▸ **Your objective**: Return the data below exactly, please, but drop the pictures.

▸ **Input data**:
——————————

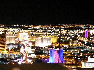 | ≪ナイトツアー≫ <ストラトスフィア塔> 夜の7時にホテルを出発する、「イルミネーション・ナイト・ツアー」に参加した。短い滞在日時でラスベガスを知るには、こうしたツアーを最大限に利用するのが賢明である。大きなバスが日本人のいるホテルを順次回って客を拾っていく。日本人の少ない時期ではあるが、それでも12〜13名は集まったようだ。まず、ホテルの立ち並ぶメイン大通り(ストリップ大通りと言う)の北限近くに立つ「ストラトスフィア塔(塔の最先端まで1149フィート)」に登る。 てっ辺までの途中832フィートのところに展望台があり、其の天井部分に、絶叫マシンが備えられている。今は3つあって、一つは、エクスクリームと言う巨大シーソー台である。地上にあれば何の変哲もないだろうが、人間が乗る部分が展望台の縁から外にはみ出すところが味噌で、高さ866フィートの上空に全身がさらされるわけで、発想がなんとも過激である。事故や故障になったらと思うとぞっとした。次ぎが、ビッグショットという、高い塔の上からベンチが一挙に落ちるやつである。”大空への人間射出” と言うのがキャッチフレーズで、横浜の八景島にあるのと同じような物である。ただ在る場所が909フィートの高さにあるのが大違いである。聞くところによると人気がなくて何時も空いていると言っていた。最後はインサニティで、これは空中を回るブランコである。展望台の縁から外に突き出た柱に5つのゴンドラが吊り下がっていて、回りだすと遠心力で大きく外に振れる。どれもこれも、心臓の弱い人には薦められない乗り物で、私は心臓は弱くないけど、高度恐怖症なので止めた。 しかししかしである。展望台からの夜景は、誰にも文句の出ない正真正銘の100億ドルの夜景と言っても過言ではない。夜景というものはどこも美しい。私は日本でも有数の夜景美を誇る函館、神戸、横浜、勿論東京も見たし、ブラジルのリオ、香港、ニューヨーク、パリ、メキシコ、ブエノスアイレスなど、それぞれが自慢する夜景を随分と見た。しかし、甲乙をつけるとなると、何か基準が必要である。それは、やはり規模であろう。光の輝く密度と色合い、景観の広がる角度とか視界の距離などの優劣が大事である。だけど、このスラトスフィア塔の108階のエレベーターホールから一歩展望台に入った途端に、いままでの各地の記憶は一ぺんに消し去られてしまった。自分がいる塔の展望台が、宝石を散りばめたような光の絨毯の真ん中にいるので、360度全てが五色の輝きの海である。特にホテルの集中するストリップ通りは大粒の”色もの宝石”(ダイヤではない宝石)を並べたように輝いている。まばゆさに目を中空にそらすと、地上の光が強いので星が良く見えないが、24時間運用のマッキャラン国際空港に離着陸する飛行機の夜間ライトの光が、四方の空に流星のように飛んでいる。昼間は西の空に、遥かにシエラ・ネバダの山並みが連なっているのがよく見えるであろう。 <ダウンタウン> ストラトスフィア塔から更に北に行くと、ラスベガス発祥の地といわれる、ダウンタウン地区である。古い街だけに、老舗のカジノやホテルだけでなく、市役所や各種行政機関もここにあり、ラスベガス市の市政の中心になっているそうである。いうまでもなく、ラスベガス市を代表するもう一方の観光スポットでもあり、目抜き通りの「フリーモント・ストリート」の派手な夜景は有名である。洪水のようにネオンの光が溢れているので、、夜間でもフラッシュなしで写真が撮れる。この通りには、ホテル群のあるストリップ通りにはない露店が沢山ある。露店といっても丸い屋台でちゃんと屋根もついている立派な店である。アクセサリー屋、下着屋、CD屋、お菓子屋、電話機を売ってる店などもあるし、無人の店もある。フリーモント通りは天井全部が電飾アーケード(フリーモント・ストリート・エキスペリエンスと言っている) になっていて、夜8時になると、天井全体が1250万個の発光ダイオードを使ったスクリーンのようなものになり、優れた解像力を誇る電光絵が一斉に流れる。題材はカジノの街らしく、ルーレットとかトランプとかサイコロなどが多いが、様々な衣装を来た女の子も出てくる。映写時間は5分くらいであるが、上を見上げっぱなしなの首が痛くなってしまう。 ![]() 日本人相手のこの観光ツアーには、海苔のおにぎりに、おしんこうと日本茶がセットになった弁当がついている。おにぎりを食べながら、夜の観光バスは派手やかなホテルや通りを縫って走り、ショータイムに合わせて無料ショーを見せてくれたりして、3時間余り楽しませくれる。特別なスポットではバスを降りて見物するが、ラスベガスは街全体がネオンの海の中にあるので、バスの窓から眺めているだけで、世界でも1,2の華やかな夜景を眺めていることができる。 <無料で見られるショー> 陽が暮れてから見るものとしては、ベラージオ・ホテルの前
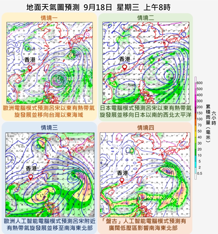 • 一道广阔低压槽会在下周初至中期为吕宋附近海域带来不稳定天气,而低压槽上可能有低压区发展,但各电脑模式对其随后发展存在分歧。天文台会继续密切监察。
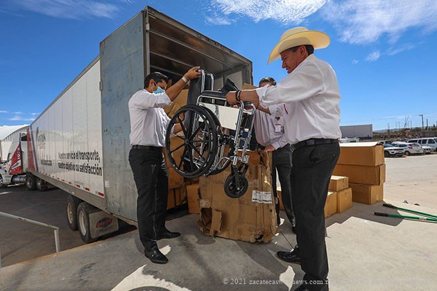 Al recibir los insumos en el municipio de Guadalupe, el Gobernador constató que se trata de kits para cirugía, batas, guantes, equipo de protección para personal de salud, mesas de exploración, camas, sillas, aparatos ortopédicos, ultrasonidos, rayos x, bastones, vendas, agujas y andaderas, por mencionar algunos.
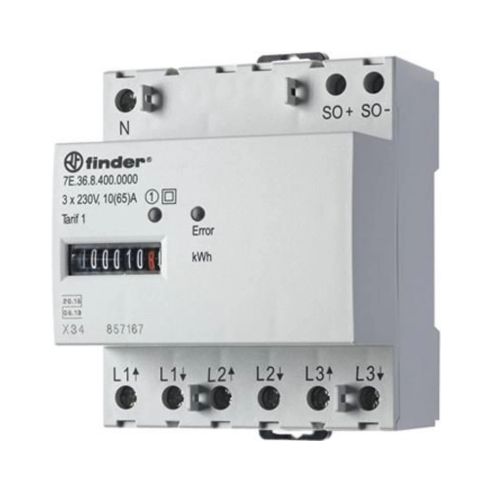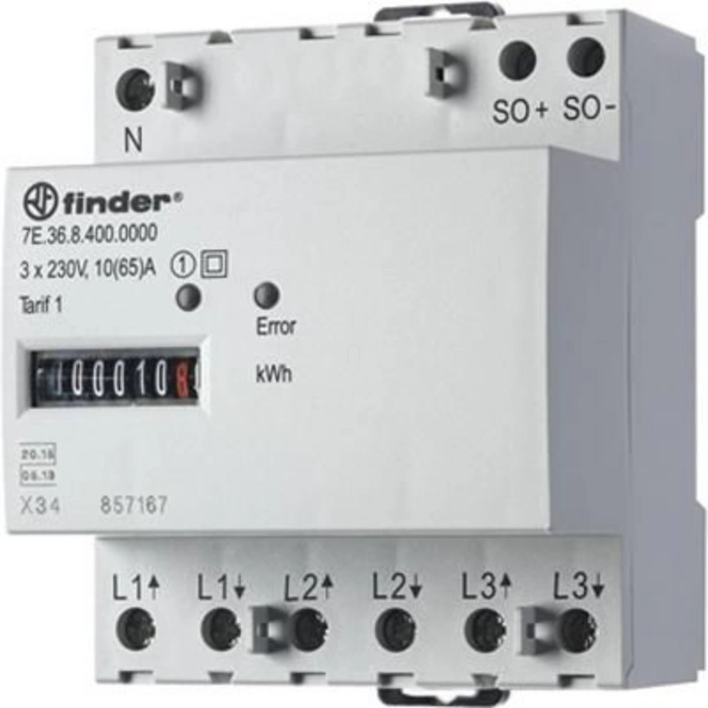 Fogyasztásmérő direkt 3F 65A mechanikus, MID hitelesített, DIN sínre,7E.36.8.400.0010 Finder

——————————

▸ **Written response**:
 | ≪ナイトツアー≫ <ストラトスフィア塔> 夜の7時にホテルを出発する、「イルミネーション・ナイト・ツアー」に参加した。短い滞在日時でラスベガスを知るには、こうしたツアーを最大限に利用するのが賢明である。大きなバスが日本人のいるホテルを順次回って客を拾っていく。日本人の少ない時期ではあるが、それでも12〜13名は集まったようだ。まず、ホテルの立ち並ぶメイン大通り(ストリップ大通りと言う)の北限近くに立つ「ストラトスフィア塔(塔の最先端まで1149フィート)」に登る。 てっ辺までの途中832フィートのところに展望台があり、其の天井部分に、絶叫マシンが備えられている。今は3つあって、一つは、エクスクリームと言う巨大シーソー台である。地上にあれば何の変哲もないだろうが、人間が乗る部分が展望台の縁から外にはみ出すところが味噌で、高さ866フィートの上空に全身がさらされるわけで、発想がなんとも過激である。事故や故障になったらと思うとぞっとした。次ぎが、ビッグショットという、高い塔の上からベンチが一挙に落ちるやつである。”大空への人間射出” と言うのがキャッチフレーズで、横浜の八景島にあるのと同じような物である。ただ在る場所が909フィートの高さにあるのが大違いである。聞くところによると人気がなくて何時も空いていると言っていた。最後はインサニティで、これは空中を回るブランコである。展望台の縁から外に突き出た柱に5つのゴンドラが吊り下がっていて、回りだすと遠心力で大きく外に振れる。どれもこれも、心臓の弱い人には薦められない乗り物で、私は心臓は弱くないけど、高度恐怖症なので止めた。 しかししかしである。展望台からの夜景は、誰にも文句の出ない正真正銘の100億ドルの夜景と言っても過言ではない。夜景というものはどこも美しい。私は日本でも有数の夜景美を誇る函館、神戸、横浜、勿論東京も見たし、ブラジルのリオ、香港、ニューヨーク、パリ、メキシコ、ブエノスアイレスなど、それぞれが自慢する夜景を随分と見た。しかし、甲乙をつけるとなると、何か基準が必要である。それは、やはり規模であろう。光の輝く密度と色合い、景観の広がる角度とか視界の距離などの優劣が大事である。だけど、このスラトスフィア塔の108階のエレベーターホールから一歩展望台に入った途端に、いままでの各地の記憶は一ぺんに消し去られてしまった。自分がいる塔の展望台が、宝石を散りばめたような光の絨毯の真ん中にいるので、360度全てが五色の輝きの海である。特にホテルの集中するストリップ通りは大粒の”色もの宝石”(ダイヤではない宝石)を並べたように輝いている。まばゆさに目を中空にそらすと、地上の光が強いので星が良く見えないが、24時間運用のマッキャラン国際空港に離着陸する飛行機の夜間ライトの光が、四方の空に流星のように飛んでいる。昼間は西の空に、遥かにシエラ・ネバダの山並みが連なっているのがよく見えるであろう。 <ダウンタウン> ストラトスフィア塔から更に北に行くと、ラスベガス発祥の地といわれる、ダウンタウン地区である。古い街だけに、老舗のカジノやホテルだけでなく、市役所や各種行政機関もここにあり、ラスベガス市の市政の中心になっているそうである。いうまでもなく、ラスベガス市を代表するもう一方の観光スポットでもあり、目抜き通りの「フリーモント・ストリート」の派手な夜景は有名である。洪水のようにネオンの光が溢れているので、、夜間でもフラッシュなしで写真が撮れる。この通りには、ホテル群のあるストリップ通りにはない露店が沢山ある。露店といっても丸い屋台でちゃんと屋根もついている立派な店である。アクセサリー屋、下着屋、CD屋、お菓子屋、電話機を売ってる店などもあるし、無人の店もある。フリーモント通りは天井全部が電飾アーケード(フリーモント・ストリート・エキスペリエンスと言っている) になっていて、夜8時になると、天井全体が1250万個の発光ダイオードを使ったスクリーンのようなものになり、優れた解像力を誇る電光絵が一斉に流れる。題材はカジノの街らしく、ルーレットとかトランプとかサイコロなどが多いが、様々な衣装を来た女の子も出てくる。映写時間は5分くらいであるが、上を見上げっぱなしなの首が痛くなってしまう。 ![]() 日本人相手のこの観光ツアーには、海苔のおにぎりに、おしんこうと日本茶がセットになった弁当がついている。おにぎりを食べながら、夜の観光バスは派手やかなホテルや通りを縫って走り、ショータイムに合わせて無料ショーを見せてくれたりして、3時間余り楽しませくれる。特別なスポットではバスを降りて見物するが、ラスベガスは街全体がネオンの海の中にあるので、バスの窓から眺めているだけで、世界でも1,2の華やかな夜景を眺めていることができる。 <無料で見られるショー> 陽が暮れてから見るものとしては、ベラージオ・ホテルの前
 • 一道广阔低压槽会在下周初至中期为吕宋附近海域带来不稳定天气,而低压槽上可能有低压区发展,但各电脑模式对其随后发展存在分歧。天文台会继续密切监察。
 Al recibir los insumos en el municipio de Guadalupe, el Gobernador constató que se trata de kits para cirugía, batas, guantes, equipo de protección para personal de salud, mesas de exploración, camas, sillas, aparatos ortopédicos, ultrasonidos, rayos x, bastones, vendas, agujas y andaderas, por mencionar algunos.
 Fogyasztásmérő direkt 3F 65A mechanikus, MID hitelesített, DIN sínre,7E.36.8.400.0010 Finder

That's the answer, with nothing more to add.